A Canadian Affair – following in the footsteps of Bourdain.

Black Hoof Outside

In Toronto with work, and with a free evening and morning to myself before the business stuff kicked in, I thought I would re-watch the episode of The Layover to get some hints on interesting foodie places to check out.

Always a sucker for any restaurants focused on animal innards, I decided to check out the Black Hoof. I was staying downtown and the restaurant is in Little Italy which didn’t look too far on the map, so I headed out on foot – mainly as I didn’t have a car and I like walking anyhow. About half a mile in it started raining, so I caved in and got a cab for the rest of the way.

As I was in a cab, I needed to tell the driver the destination with a bit more accuracy than “I think its on Dundas Street somewhere” – having to look up the address on my phone turned out to be a big time saver as even then we drove past the restaurant once before realizing we had gone too far. Given they have three venues next to and opposite each other, the Black Hoof is not particularly well sign-posted. (yes, yes – I know, after my Akiko experience, this is probably more an indication of my lack of boy scout skills).

Anyway, I got into the restaurant with a vague idea of how the inside looks having seen Anthony doing bone marrow shots with his chef buddies on the Layover. What I didn’t appreciate from the show was how small it actually is – basically a long narrow room with two tables at the front – a bar with 8 or so seats with main (only?) cooking area and dishwashing section in an area about 1/8 of the size of my home kitchen, and another half dozen or so tables at the back (where Tony had been)

Being Billy No-Mates again, I opted for the bar counter to eat. I have travelled solo with work enough that dining alone does not bother me too much, but it does make you look slightly less of a sad loser sitting at the bar than a table, IMHO.

Peering over the bar into the kitchen area, I noticed how rudimentary the set-up is – it even had an electric domestic cooker, a sight I have never seen in a commercial kitchen. Shoe-horned into this space were the three chefs, who must get on really well as they are sharing an area the size of a Queen-sized bed.

Black Hoof Kitchen

The menu is on the wall – unsurprisingly given the cooking space available and complexity of production and preparation it is a small, but perfectly formed selection.

Black Hoof menu

Its a rare day that I will pass on the opportunity to have blood (black) pudding, so that was my first order plus, after a brief discussion with the waiter, went for the pork carnitas tacos.

The tacos arrived first – three corn tortillas with layers of guacamole, carnitas and tomatillo salsa, each with a deep-fried tortilla. All accompanied with hot sauce if needed – which of course I did.

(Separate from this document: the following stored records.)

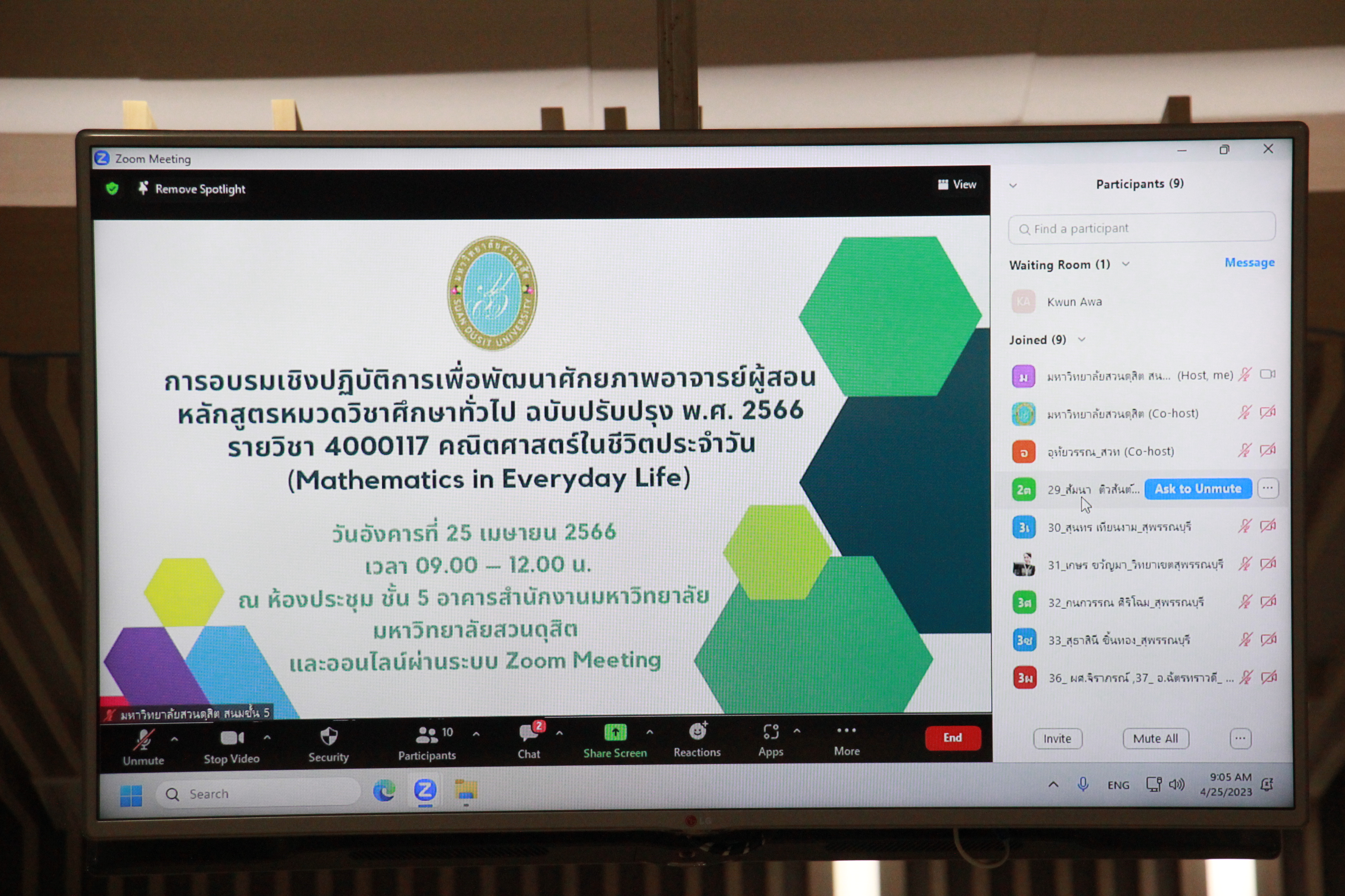 ดร.สวงค์ บุญปลูก รองอธิการบดีฝ่ายเทคโนโลยีสารสนเทศ มหาวิทยาลัยสวนดุสิต เป็นประธานการประชุมอบรมเชิงปฏิบัติการเพื่อพัฒนาศักยภาพอาจารย์ผู้สอนหลักสูตรหมวดวิชาศึกษาทั่วไป ฉบับปรับปรุง พ.ศ. 2566 รายวิชา 4000117 คณิตศาสตร์ในชีวิตประจำวัน โดยมี ผู้บริหาร คณาจารย์ มหาวิทยาลัยสวนดุสิต เข้าร่วมการประชุมดังกล่าว จัดโดย สำนักส่งเสริมวิชาการและงานทะเบียน เมื่อวันที่ 25 เมษายน 2566 เวลา 09.00-12.00 น. ณ ห้องประชุมชั้น 5 อาคารสำนักงานมหาวิทยาลัย และในรูปแบบ Online ผ่านระบบ Zoom Meeting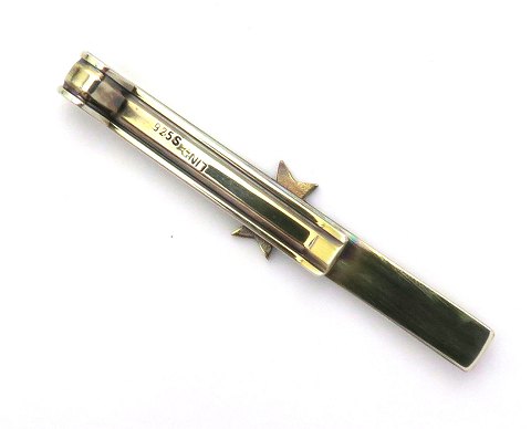 Frimurer scarfnål af sterling sølv med rød/hvid St. Georg kors, belagt med rød/hvid emalje. L. 6,5 cm., vægt ca. 8 gr.
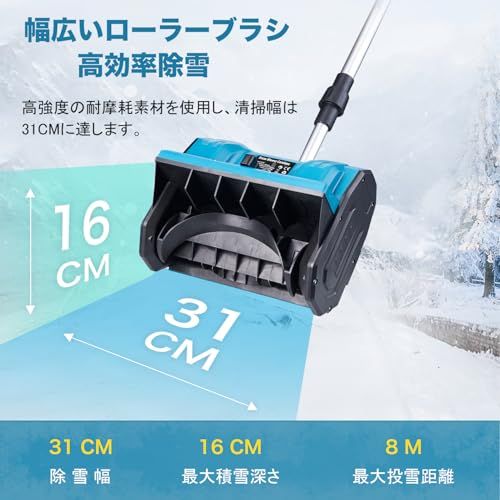 【電動式雪かき機】当社のコードレス雪かきは使いやすい。 バッテリーをつなぐだけで、すぐに使えます。電動除雪機はハイパワー無刷モーターを搭載し、幅31cm、深さ16cmの雪道を簡単に除去します。毎分大120kgの雪を処理し、大8mの投雪距離を実現。家庭用から業務用まで対応するパワフル性能で、あらゆる積雪状況に素早く対応します。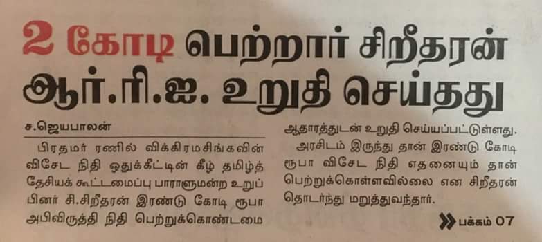பிரதமர் ரணில் விக்கிரமசிங்கவின் விசேட நிதி ஒதுக்கீட்டின் கீழ் தமிழ்த் தேசியக் கூட்டமைப்பு நாடாளுமன்ற உறுப்பினர் சி.சிறீதரன் இரண்டுகோடி ரூபாவை அபிவிருத்தி நிதி எனும் பெயரில் பெற்றுக்கொண்டமையை தினக்குரல் பத்திரிகை ஆதாரத்துடன் உறுதிப்படுத்தியுள்ளது.

The tacos were incredible – carnitas very moist without being overly greasy, balanced out by the creaminess of the avocado and the acidity of the salsa. Probably the best tacos I have eaten in a very long time.

Next up was the blood pudding – it is prepared and served more as a terrine than the sausage style I am accustomed to, but that provided an interesting new flavor profile rather than disappointment. It was very moist again, a real achievement given that it is baked – I’d love to see their recipe to see how they achieve that.


My one minor quibble would be the accompaniments – ketchup flavored chips and green salad. Whilst 90% of the time I have blood pudding for breakfast, I do also add it to grilled meats (lamb and pork notably) for evening meals. I could see this working as well with a different form of potato than chips, or even with an egg.

I decided to go for another dish as the other two had been so great, and opted for the belly pork with cappuccio. I had never heard of cappuccio, and still am not quite sure I know which part of the accompaniment it was supposed to be, but regardless, the dish was equally as good as the previous two. Very tender pork belly nestling on polenta and shaved brussel sprouts (poached in brine I believe) with a topping of gremolata, and an anchovy sauce. Once again, complex flavor combinations which worked together really well.